Single by Jagged Edge

from the album J.E. Heartbreak
- Released: November 16, 1999
- Recorded: 1999
- Genre: R&B
- Length: 4:04
- Label: So So Def
- Songwriter(s): Brian Casey; Brandon Casey; Bryan-Michael Cox;
- Producer(s): Bryan-Michael Cox

Jagged Edge singles chronology
| "Keys to the Range" (1998) | "He Can't Love U" (1999) | "Let's Get Married" (2000) |

Music video
- "He Can't Love U" on YouTube

= He Can't Love U =

1999 single by Jagged Edge

"He Can't Love U" is a song performed by American contemporary R&B group Jagged Edge, issued as the second single from their second studio album J.E. Heartbreak.

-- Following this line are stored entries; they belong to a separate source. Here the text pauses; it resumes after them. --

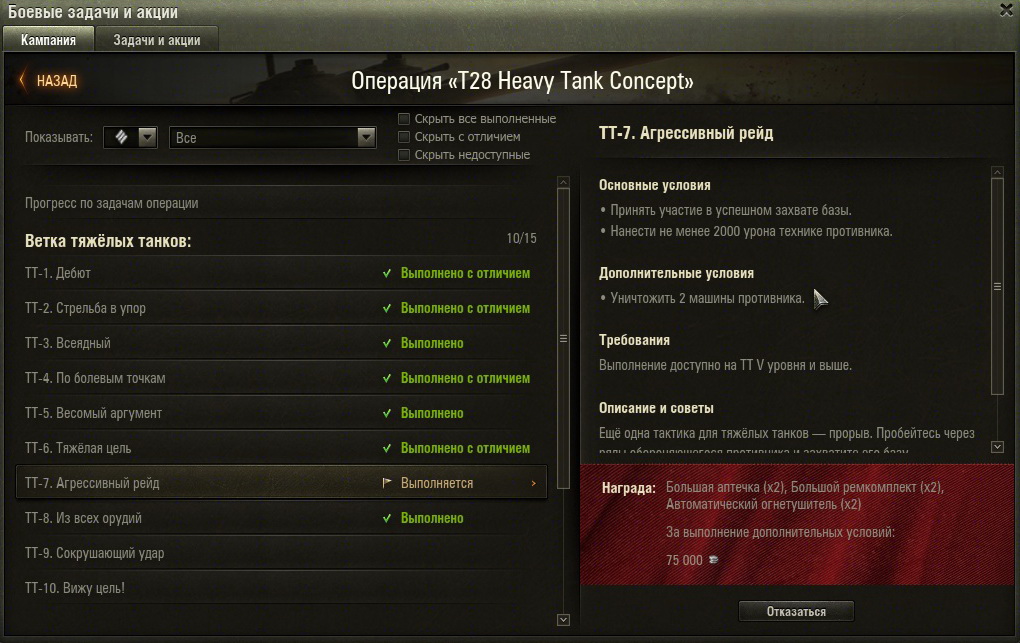 Вчера столкнулся с проблемой. Выполнял ЛБЗ на ветку тяжёлых танков, задание "ТТ-7. Агрессивный рейд" на Т28 Heavy Tank Concept. По результатам боя: "Захватчик", "Боец", нанесённого урона на 4265. Т.е. по факту выполнение и основной задачи и дополнительных условий, а в зачёт задание не ушло. Может я чего-то не догоняю? Союзников не повреждал, один раз на захвате было сбитие, но базу взял в одиночку. Реплея, к сожалению, нет - выцарапываю фпс по крохам. http://cdn-frm-eu.wargaming.net/wot/ru/uploads/monthly_02_2015/post-1009395-0-82704500-1424086075_thumb.jpghttp://cdn-frm-eu.wargaming.net/wot/ru/uploads/monthly_02_2015/post-1009395-0-11259100-1424086086_thumb.jpghttp://cdn-frm-eu.wargaming.net/wot/ru/uploads/monthly_02_2015/post-1009395-0-39551900-1424086093_thumb.jpghttp://cdn-frm-eu.wargaming.net/wot/ru/uploads/monthly_02_2015/post-1009395-0-78513400-1424086100_thumb.jpg
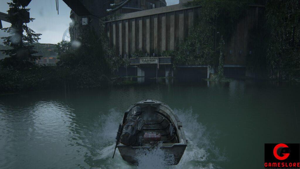 Sobald du alleine mit dem Boot unterwegs bist, kommst du auch schon an die erste Stelle, an der du ein Tor öffnen musst. Bevor du aber an der Kette ziehst und weitergehst, gibt es ein paar Sammelgegenstände.
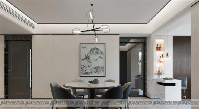 舒適圈的生活不能待太久,要走出來。設(shè)計更加如此,適當(dāng)?shù)臎_突有其存在意義。不破不立是沖突更是再平衡,這也是設(shè)計存在的意義。平衡之術(shù)運用在每一個場景里,如同客廳里那一塊藝術(shù)背景墻,與茶幾上的盆栽遙遙相望,平衡左右。切割撕裂后又將其揉合平衡是趣味所在。
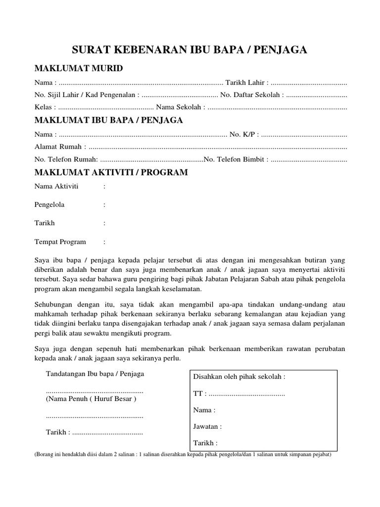 Contoh Surat Kebenaran Ibu Bapa Untuk Program

Co-written by group members Brian and Brandon Casey, the song peaked at #15 on the Billboard Hot 100 in 1999.

The song was certified gold by the RIAA on January 19, 2000.

==Music video==

The official music video for "He Can't Love U" was directed by Tim Story.

==Charts==

===Weekly charts===

| Chart (1999–2000) | Peak position |
|---|---|
| US Billboard Hot 100 | 15 |
| US Hot R&B/Hip-Hop Songs (Billboard) | 3 |

===Year-end charts===

| Chart (2000) | Position |
|---|---|
| US Billboard Hot 100 | 62 |
| US Hot R&B/Hip-Hop Songs (Billboard) | 17 |

==Certifications==

| Region | Certification | Certified units/sales |
| United States (RIAA) | Gold | 500,000^{^} |
^{^} Shipments figures based on certification alone.